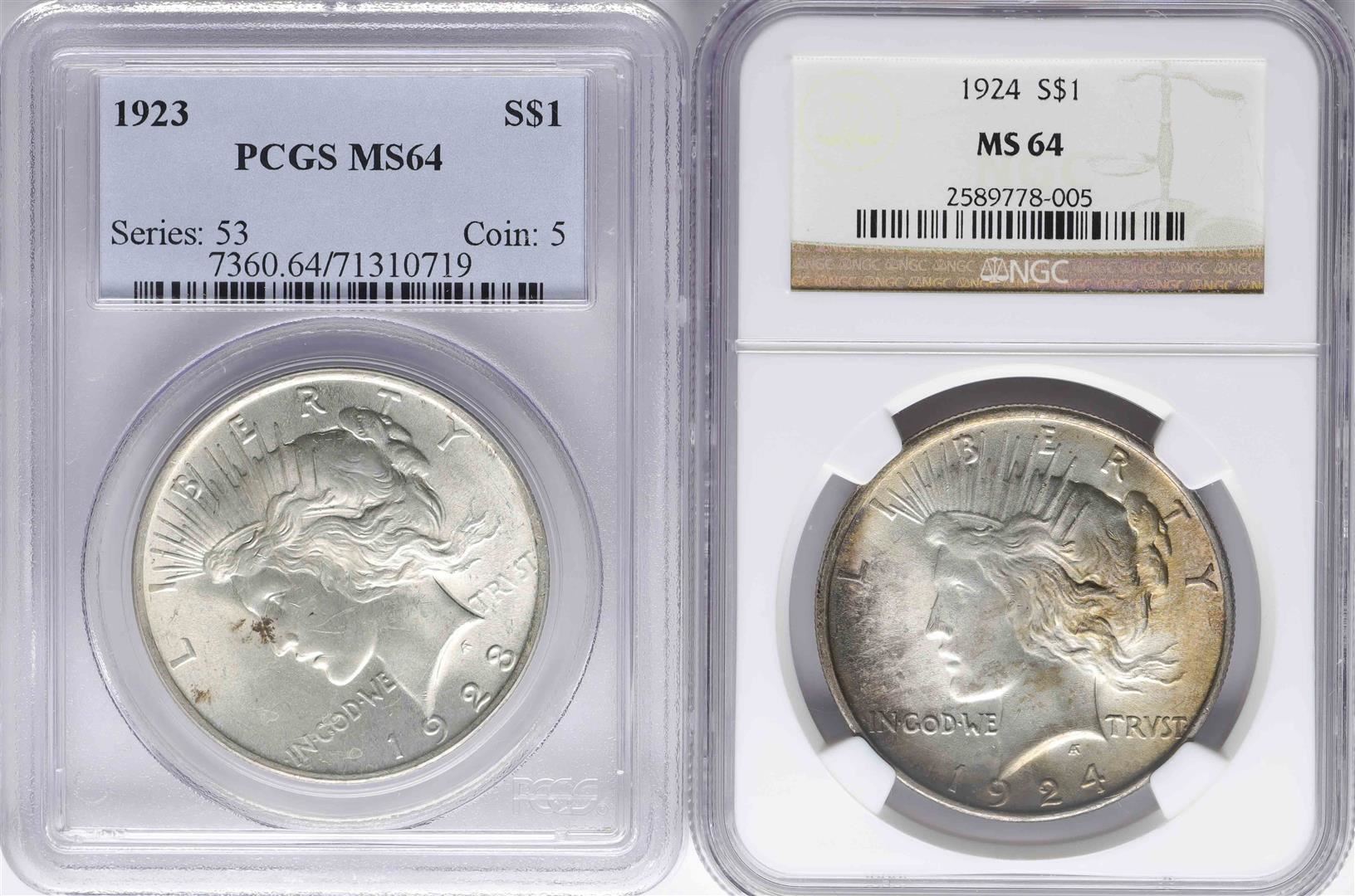One Lot of 1923 & 1924 $1 Peace Silver Dollar Coins PCGS/NGC MS64. NGC Certified.
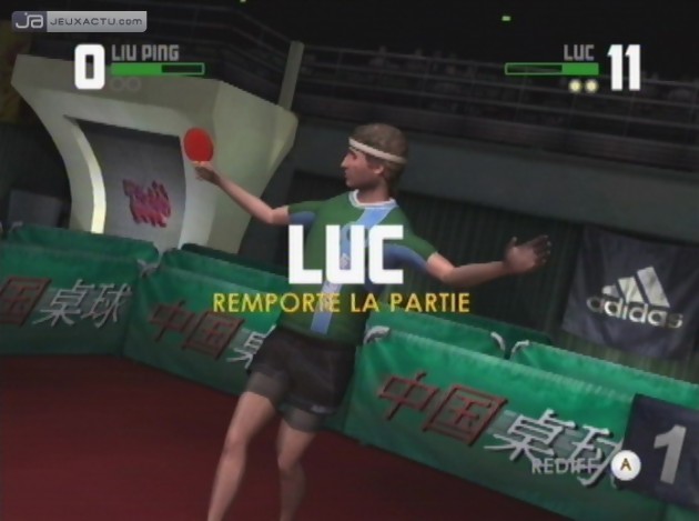 Mais avant de maîtriser Table Tennis, il va falloir cravacher sec, se donner à fond. Malgré l’absence d’un mode "Carrière", Table Tennis arrive néanmoins à tenir la dragée haute en mode multijoueur. Pourquoi ? Tout simplement parce qu’il va falloir se lever tôt pour débloquer l’ensemble des bonus du jeu. Personnages, maillots, tournois et décors, chacun de ses éléments deviennent accessibles à la fin d’un match victorieux, lancés dans le mode Tournoi, composé de trois championnats : Bronze, Argent et Or. Car lorsque vous lancerez Table Tennis, vous n’aurez accès qu’à 4 pongistes, pas les plus mauvais (Liu Ping étant le joueur le plus complet) rassurez-vous, mais après quelques heures de jeu, on n’aura vite fait de vouloir les autres sportifs. Mark, Juergen ou bien encore Jung-Soo font partie des pongistes les plus appréciés grâce à leurs capacités à tromper l'adversaire grâce à leurs effets. A l’instar d’un jeu de tennis, le choix de son pongiste se fait bien évidemment en fonction de ses préférences. Pour commencer, il convient de choisir Liu Ping, certainement le perso le plus équilibré et le plus complet. Chinois d’origine, il tient sa raquette façon porte-plume comme on dit dans le jargon du ping-pong et s’avère être un excellent compromis pour bien débuter. Si on se découvre une passion soudaine pour la brutalité, mieux vaut se tourner vers un Jesper (son coup droit est tout bonnement dévastateur) ou un Mark, deux brutes épaisses qui aiment jouer les bourrins de service. En revanche, ceux qui ont tendance à se la jouer fourbe avec des coups plus vicieux et mise avant tout sur la stratégie, Juergen, Jung-Soo ou bien encore Kumi vont très bien l’affaire. Mention spéciale à Luc, le seul Français du jeu, reconnaissable entre mille avec son look inimitable. On s’en souviendra.
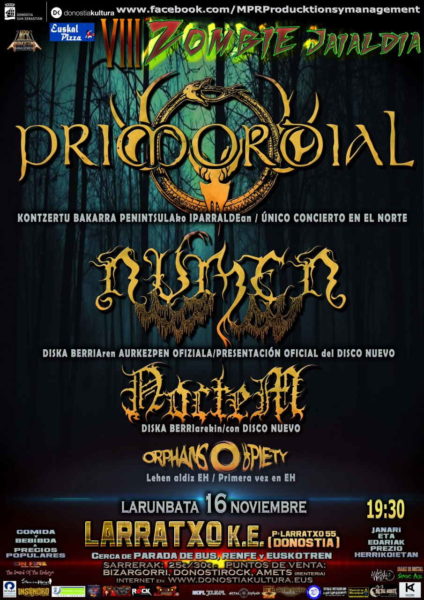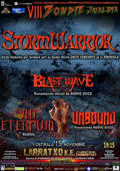 STORMWARRIOR, BLAST WAVE, PRIMORDIAL o NOCTEM son algunas de las bandas que componen el cartel del VIII Zombie Jaialdia.
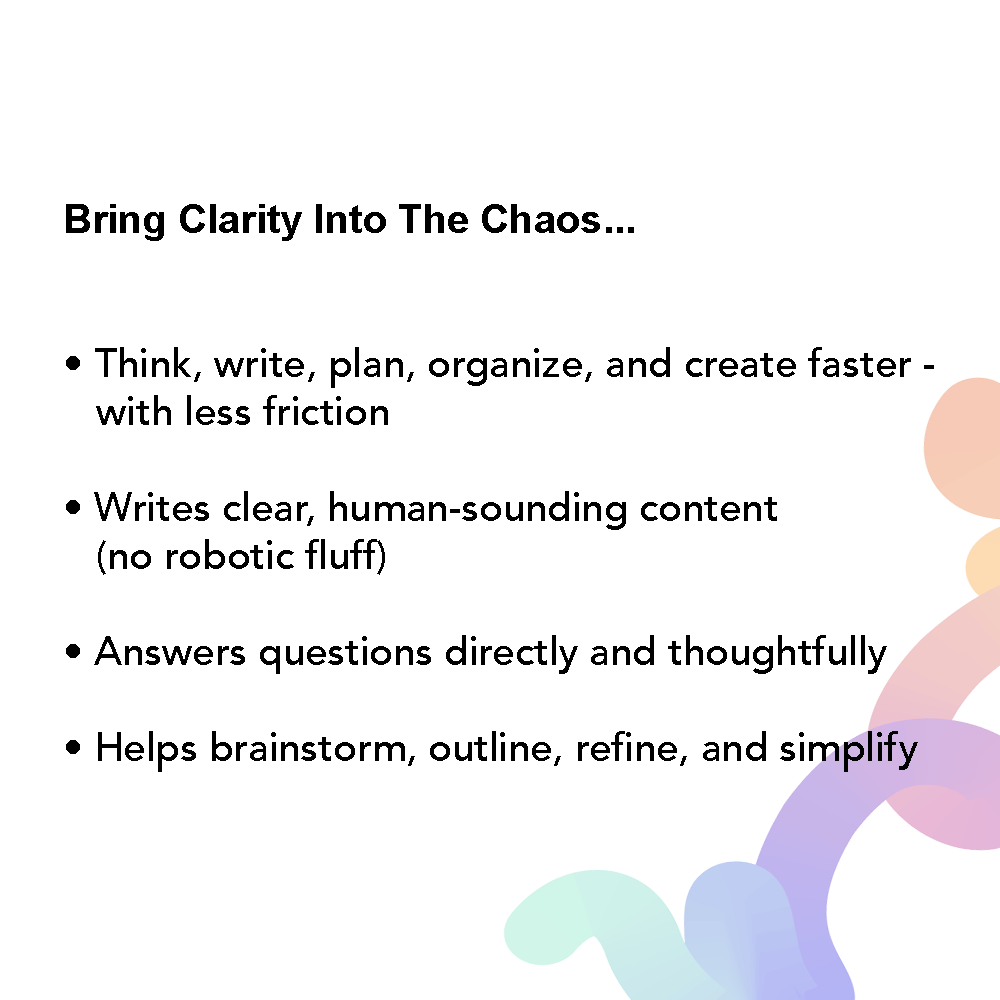 Think of it as a calm, capable digital partner that helps turn messy thoughts into structured output, half-formed ideas into polished content, and big goals into doable next steps.
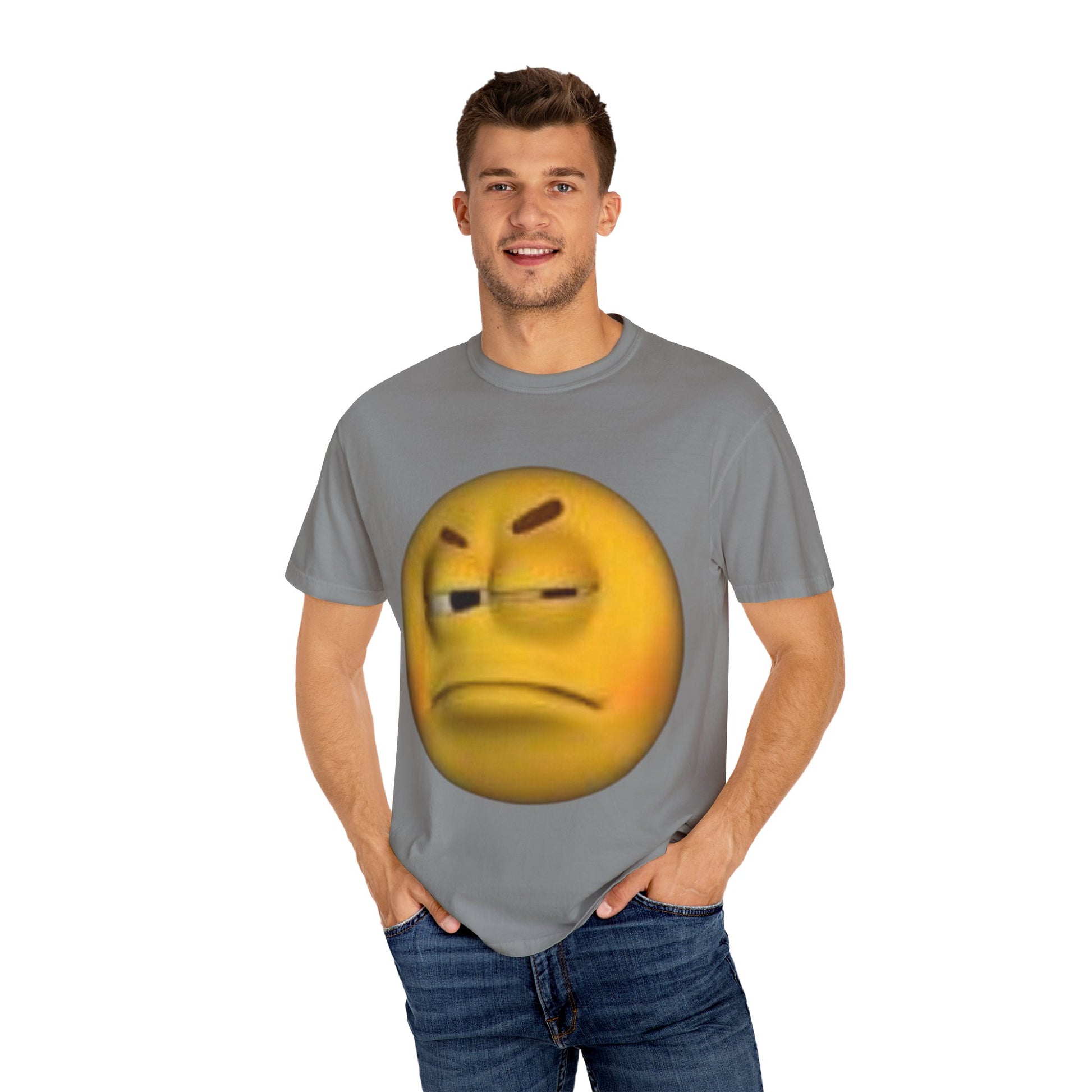 A Unisex Garment-Dyed T-Shirt with the phrase 'You disgust me' printed on it, giving off a bold and edgy vibe. Perfect for those who enjoy sarcastic and rebellious humor. Ideal for casual wear or to make a statement in social gatherings. Relevant for Halloween, April Fool's Day, or everyday wear for those with a dark sense of humor.
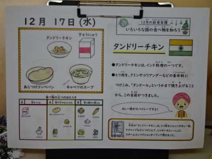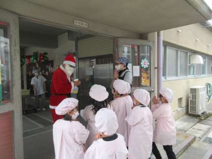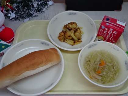 今日の献立は、「味つけコッペパン・牛乳・タンドリーチキン・キャベツのスープ」でした。今日はタンドリーチキンということで、給食室にサンタクロースが来てくれました!今日も美味しい給食、ごちそうさまでした!

# Problem:
Give back every entry in full, exactly as written, with no picture included.

# Finished task:
One Lot of 1923 & 1924 $1 Peace Silver Dollar Coins PCGS/NGC MS64. NGC Certified.
 Mais avant de maîtriser Table Tennis, il va falloir cravacher sec, se donner à fond. Malgré l’absence d’un mode "Carrière", Table Tennis arrive néanmoins à tenir la dragée haute en mode multijoueur. Pourquoi ? Tout simplement parce qu’il va falloir se lever tôt pour débloquer l’ensemble des bonus du jeu. Personnages, maillots, tournois et décors, chacun de ses éléments deviennent accessibles à la fin d’un match victorieux, lancés dans le mode Tournoi, composé de trois championnats : Bronze, Argent et Or. Car lorsque vous lancerez Table Tennis, vous n’aurez accès qu’à 4 pongistes, pas les plus mauvais (Liu Ping étant le joueur le plus complet) rassurez-vous, mais après quelques heures de jeu, on n’aura vite fait de vouloir les autres sportifs. Mark, Juergen ou bien encore Jung-Soo font partie des pongistes les plus appréciés grâce à leurs capacités à tromper l'adversaire grâce à leurs effets. A l’instar d’un jeu de tennis, le choix de son pongiste se fait bien évidemment en fonction de ses préférences. Pour commencer, il convient de choisir Liu Ping, certainement le perso le plus équilibré et le plus complet. Chinois d’origine, il tient sa raquette façon porte-plume comme on dit dans le jargon du ping-pong et s’avère être un excellent compromis pour bien débuter. Si on se découvre une passion soudaine pour la brutalité, mieux vaut se tourner vers un Jesper (son coup droit est tout bonnement dévastateur) ou un Mark, deux brutes épaisses qui aiment jouer les bourrins de service. En revanche, ceux qui ont tendance à se la jouer fourbe avec des coups plus vicieux et mise avant tout sur la stratégie, Juergen, Jung-Soo ou bien encore Kumi vont très bien l’affaire. Mention spéciale à Luc, le seul Français du jeu, reconnaissable entre mille avec son look inimitable. On s’en souviendra.
 STORMWARRIOR, BLAST WAVE, PRIMORDIAL o NOCTEM son algunas de las bandas que componen el cartel del VIII Zombie Jaialdia.
 Think of it as a calm, capable digital partner that helps turn messy thoughts into structured output, half-formed ideas into polished content, and big goals into doable next steps.
 A Unisex Garment-Dyed T-Shirt with the phrase 'You disgust me' printed on it, giving off a bold and edgy vibe. Perfect for those who enjoy sarcastic and rebellious humor. Ideal for casual wear or to make a statement in social gatherings. Relevant for Halloween, April Fool's Day, or everyday wear for those with a dark sense of humor.
 今日の献立は、「味つけコッペパン・牛乳・タンドリーチキン・キャベツのスープ」でした。今日はタンドリーチキンということで、給食室にサンタクロースが来てくれました!今日も美味しい給食、ごちそうさまでした!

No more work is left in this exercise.